Trabalhos Aprovados 2021

Ficha do Proponente

Proponente

    Edileuza Penha de Souza (IFB / UnB)

Minicurrículo

    Professora, Documentarista e Pesquisadora. Pós doutora em Comunicação (2018) e doutora em Educação (2013) pela Universidade de Brasília (unB). Mestre em Educação e Contemporaneidade pela Universidade do Estado da Bahia (UNEB, 2005), graduada em História pela Universidade Federal do Espírito Santo (UFES, 1994). Desde 2006 desenvolve pesquisas na área de cinema, com ênfase no Cinema Negro no Brasil, Cinema africano e diaspórico.

Ficha do Trabalho

Título

    “Mãe dos netos” Afeto, memória e identidade no cinema

Seminário

    Cinemas negros: estéticas, narrativas e políticas audiovisuais na África e nas afrodiásporas.

Resumo

    A proposta é discutir o doc Mãe dos Netos, 2008 Isabel Noronha e Vivian Altman como possibilidade de reconstruir histórias de afetos, ancestralidade, memória e identidade. O filme é uma história resultante do HIV em Moçambique, que, inexoravelmente, rasga o tecido familiar, criando um vazio de figuras adultas e deixando nas mãos dos idosos o cuidado de crianças.
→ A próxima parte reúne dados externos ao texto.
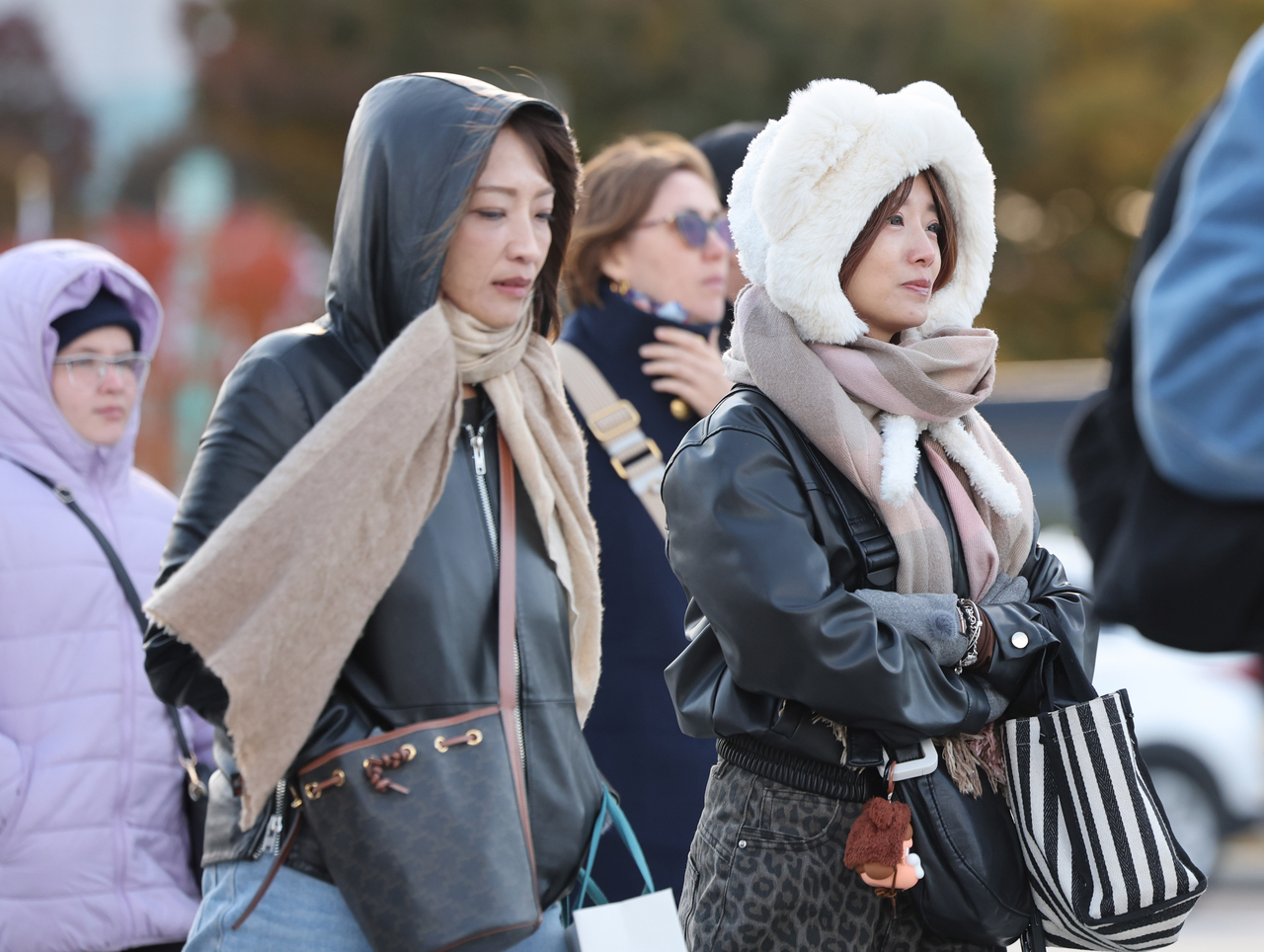 | 서울 광화문 광장에서 외국인 관광객들이 외투를 입은 채 걸어가고 있다. [연합] |
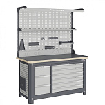 Нагрузка на столешницу 1500 кг. Столешница из листа влагостойкой фанеры марки ФСФ толщиной 40 мм и листом горячекатаной стали толщиной 5 мм. Рама верстака выполнена их холоднокатаной стали. Модуль верстака выполнен сварными. Ящики в модулях устанавливаются на шариковых телескопических направляющих полного выдвижения. Квадратная перфорация для установки крючков, держателей. Размеры: 1982x1493x743 мм
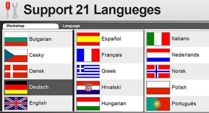 3. The newest Software 2017.03 supports the following languages: B Ulgarian ... Cesky ... Dansk Deutsch English Spanish and French Greek Hrvatski Hungarian "all" Nederlands ... Norsk ... Polski ... Portuges Romana Russian ... Srpski ... Suomen kieli ... Svanska Turkish!
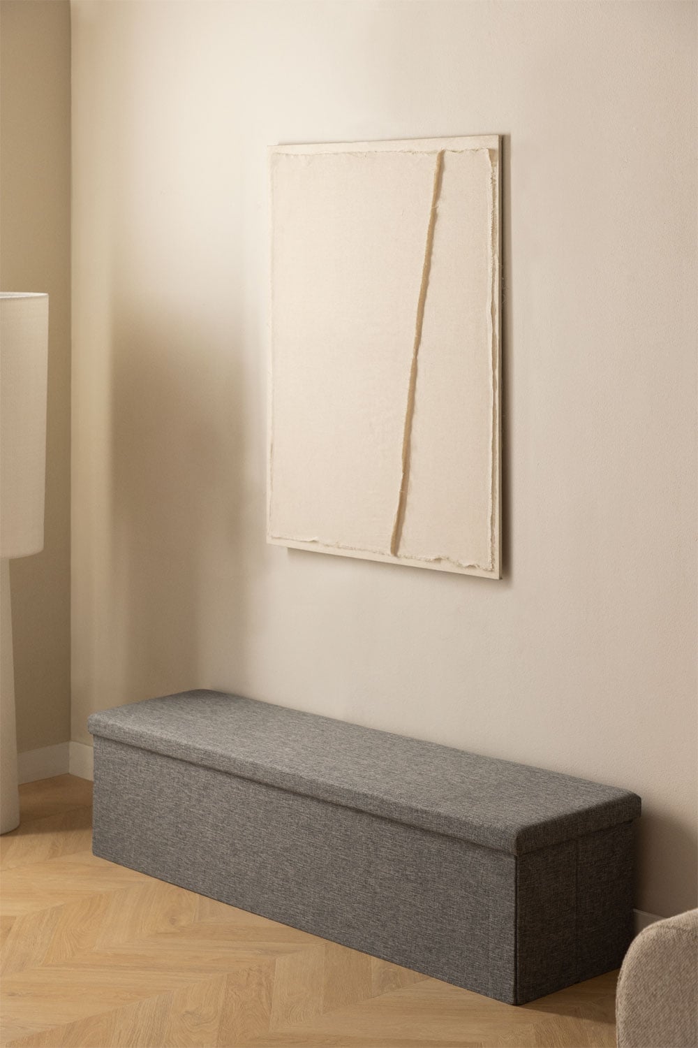 De estilo nórdico, el baúl Gipto se integra a la perfección en ambientes minimalistas y modernos. Su color gris neutro lo convierte en un mueble versátil que puedes combinar con una amplia gama de colores y texturas. Utilízalo como asiento adicional en el salón, como pie de cama en el dormitorio, o como un elemento decorativo más. Su diseño sencillo y elegante te permite crear un espacio armonioso y funcional, donde el orden y la belleza conviven en perfecta sincronía. Combínalo con cojines de colores vivos para un toque más alegre, o con mantas de lana para un ambiente más cálido y acogedor. La versatilidad del baúl Gipto te permite adaptarlo a tu estilo personal y a las necesidades de tu hogar.
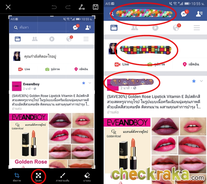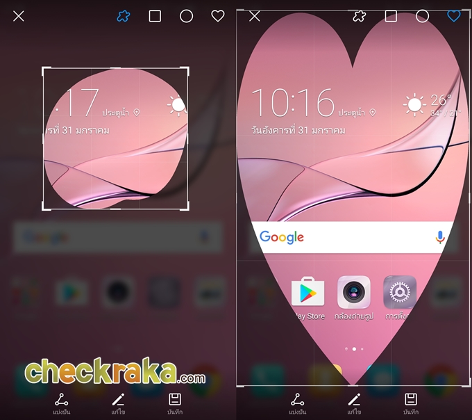 ส่วนในฟีเจอร์ Screen Shot นั้นเมื่อแคปแล้วสามารถแก้ไขได้ทันที สามารถเลือกลายโมเสคได้ตามใจอีกด้วย
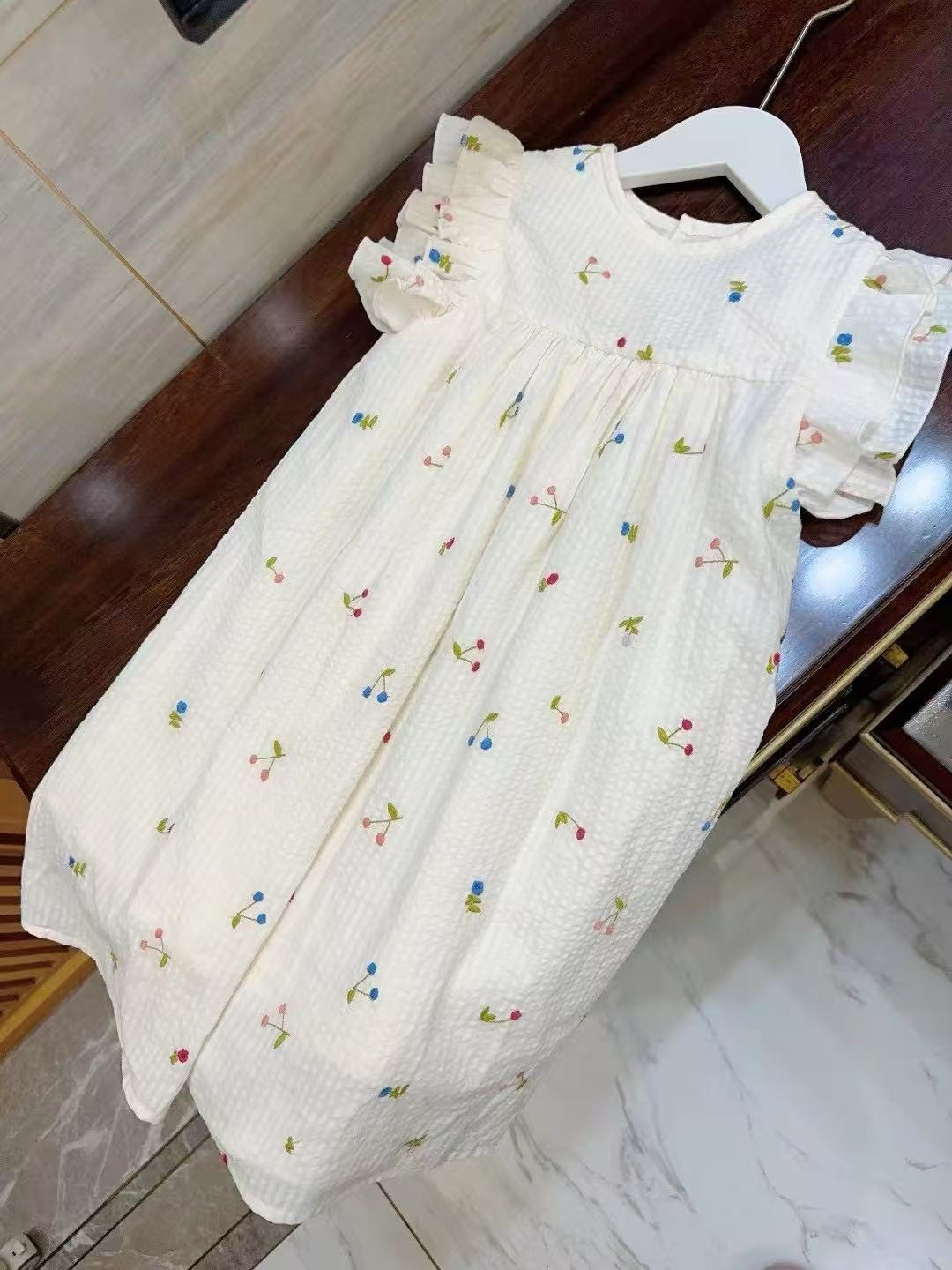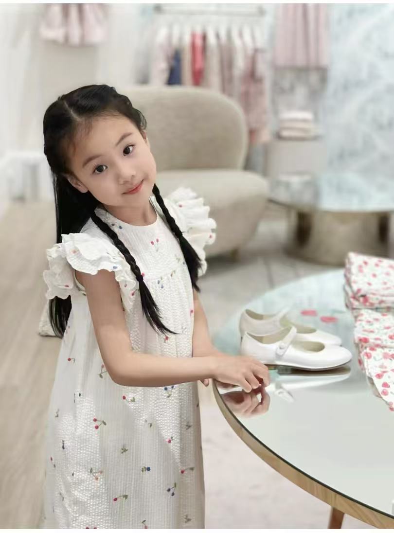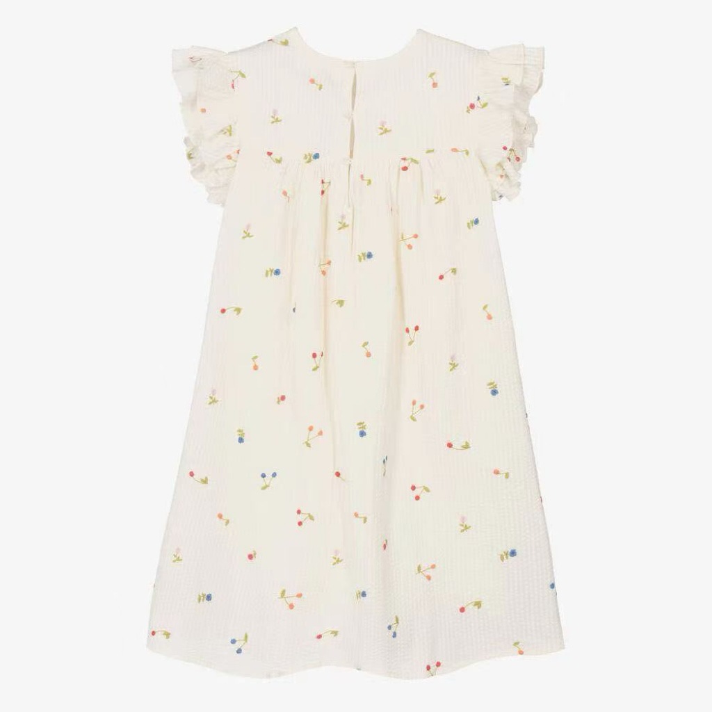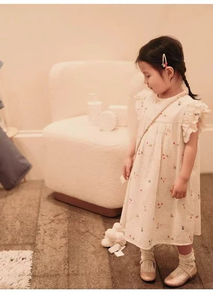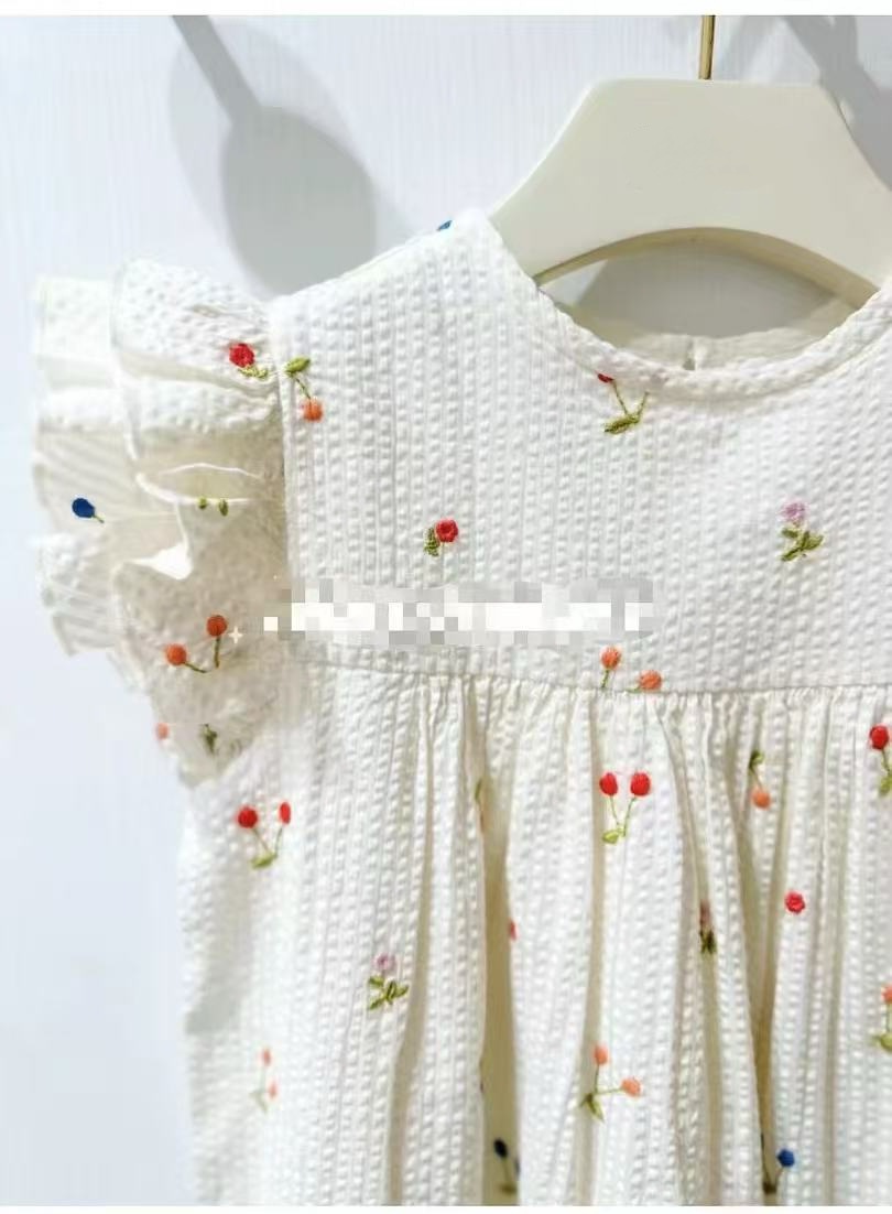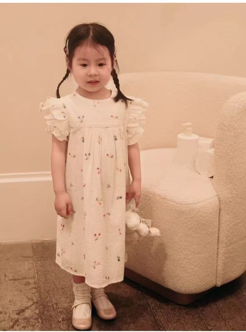 프랑스 싱글 소녀의 새로운 원피스 마카롱 컬러 버블 컬러 체리 자수 작은 비행 슬리브 스커트스토어 가기
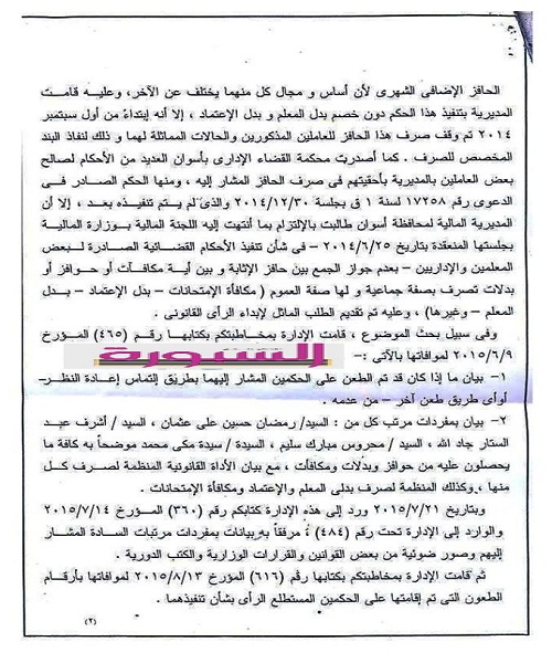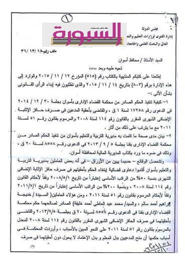 ننشر رد ادارات الفتوى لادارات التعليم والتعليم العالى والبحث العلمى والجامعات بشأن قواعد تنفيذ صرف احكام حافز الاثابة بمديرية التربية والتعليم بأسوان بعد رفع مجموعة من العاملين بمديرية التربية والتعليم دعاوى قضائية لصرف حافز الاثابة وقدره 50 % من الراتب الاساسى من 1 / 5 / 2008 وفقا لاحكام القانون رقم 114 لسنة 2008 وبنسبة 20% من الاساسى اعتبارا من 1 / 7 / 2011 وفقا لاحكام المرسوم بقانون رقم 51 لسنة 2011 وتح الحصول بالفعل على حكم قضائى لاصحاب الدعوى حيث اوردت المحكمة فى اسباب حكمها ان منح الداعين بدل الاعتماد وبدل المعلم لايمنع حصولهم على الحافز الشهرى الاضافى وقاتمت المديرية بتنفيذ الحكم .
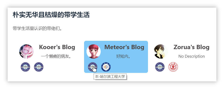 最近这段时间,我在我的博客的友情链接功能中完成了新的特性。就像下面这幅图一样,可以在卡片上显示院校校徽。
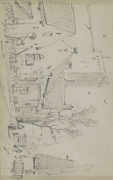 Editor: Here we have Adrianus Eversen's "View of Oudewater with the St. Michael's Church," a pencil drawing from around 1828-1897. The sketch feels very immediate, almost like a fleeting impression of the town. How do you interpret this work? Curator: I see a deliberate act of witnessing. Sketches like this were integral to 19th-century landscape artists, weren’t they? They become documents of a specific moment in time, capturing the spatial relationships between structures and nature. It reminds us of the rapidly changing urban landscapes of that era and begs us to consider what exactly was being "conserved" in such representations? Were these landscapes available to all? Editor: So, it's not just a simple landscape; it reflects societal shifts too? Curator: Absolutely! Eversen’s choice of Oudewater, a town with its own distinct history, signals a consciousness of place. Think about the socio-economic power dynamics at play in how land is represented and who controls its narrative. How does Eversen's focus shape our understanding or perhaps misunderstandings of that space? Does his rendering democratize the experience of the area? Editor: That's a perspective I hadn't considered. I was mostly caught up in the aesthetic simplicity. Curator: And the aesthetic has its role. The sketch-like quality can challenge the grand narratives often associated with landscape painting. It makes us think of the conditions for the common person during that time. Who inhabits these sketched streets and buildings in your imagination? Editor: I guess I assumed a quaint, picturesque view. But framing it through the lens of social dynamics changes everything. Curator: Precisely! Art doesn't exist in a vacuum; it mirrors and refracts the complexities of the world around it. We must acknowledge those reflections. Editor: I'll definitely approach landscape art differently from now on. Thanks for making me see it more politically. Curator: And thank you for staying curious and questioning dominant readings. That's the key to unlocking richer understandings of art's place in our world.
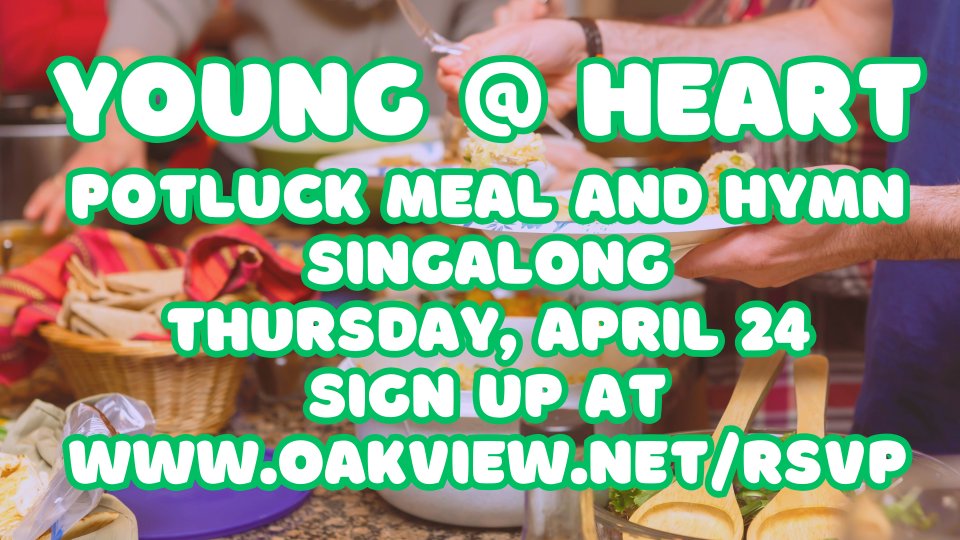 We will have a potluck meal and hymn singalong on Thursday, April 24, at 6:30 pm. Please bring your favorite dish. We will also sing some of your favorite hymns as we enjoy a fun night of fellowship. Sign up at www.oakview.net/rsvp and let us know what you are bringing.
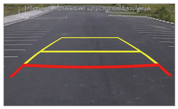 റിയർ വ്യൂ സ്ക്രീനിൽ കാണിച്ചിരിക്കുന്ന ദൂരം യഥാർത്ഥ ദൂരത്തിൽ നിന്ന് വ്യത്യസ്തമായിരിക്കാം. സുരക്ഷയ്ക്കായി, നിങ്ങളുടെ വാഹനത്തിന്റെ പിൻഭാഗവും, ഇടത്, വലത് വശങ്ങളും നേരിട്ട് പരിശോധിക്കുന്നത് ഉറപ്പാക്കുക.
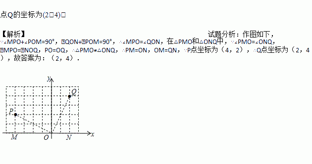 如图,在平面直角坐标系中,将点P(-4,2)绕原点顺时针旋转90°,求其对应点Q的坐标.
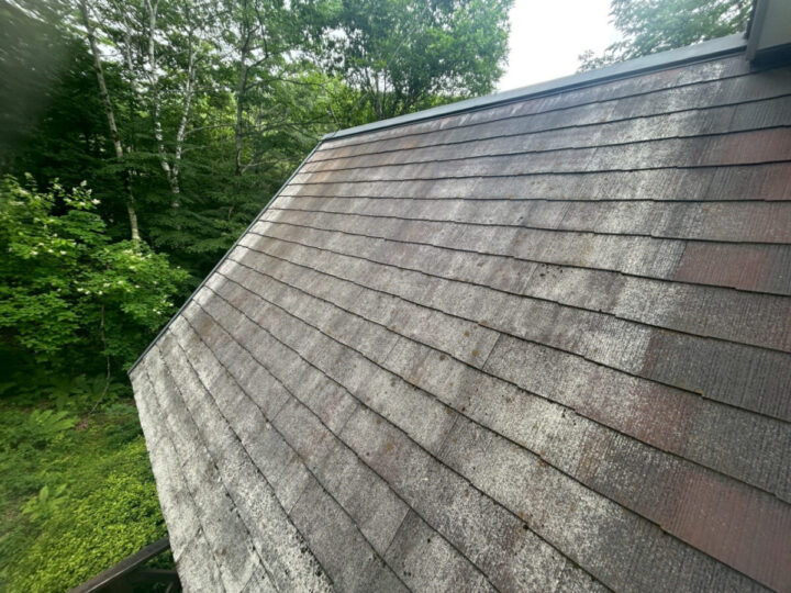 隙間も刷毛を使ってしっかりと塗っていきます。屋根の状態に合わせて下塗り材を変えております。屋根上塗り

O objetivo é discutir o cinema negro de animação e edificar categorias como afeto, corporalidade, ancestralidade, identidade e memória.

Resumo expandido

    Ouça no vento / O soluço do arbusto:
    É o sopro dos antepassados. / Nossos mortos não partiram.
    Estão na densa sombra. / Os mortos não estão sobre a terra.
    Estão na árvore que se agita, / Na madeira que geme,
    Estão na água que flui, / Na água que dorme,
    Estão na cabana, na multidão; / Os mortos não morreram…
    ANCESTRALIDADE – BIRAGO DIOP

    Produzido em Moçambique pela FDC – Fundação para o Desenvolvimento da Comunidade, realizado por Isabel Noronha e Vivian Altman, o curta-metragem “Mãe dos Netos”, 2008, é um documentário com duração de seis minutos, narrado por Vovó Elisa, personagem central. Ela conta a história de Francisco, seu único filho e herdeiro, de como ele e suas oito mulheres morreram em decorrência do HIV/Aids, ficando sob sua responsabilidade 14 netos. “É uma história que simboliza um pouco a desestruturação de todo um tecido nacional e da noção quase mítica da família alargada”, disse a realizadora Isabel Noronha em entrevista à Rádio Voz da América, no CINEPORT – Festival de Cinema de Língua Portuguesa, ocorrido em maio de 2009, em João Pessoa, onde pela primeira vez o filme foi exibido no Brasil.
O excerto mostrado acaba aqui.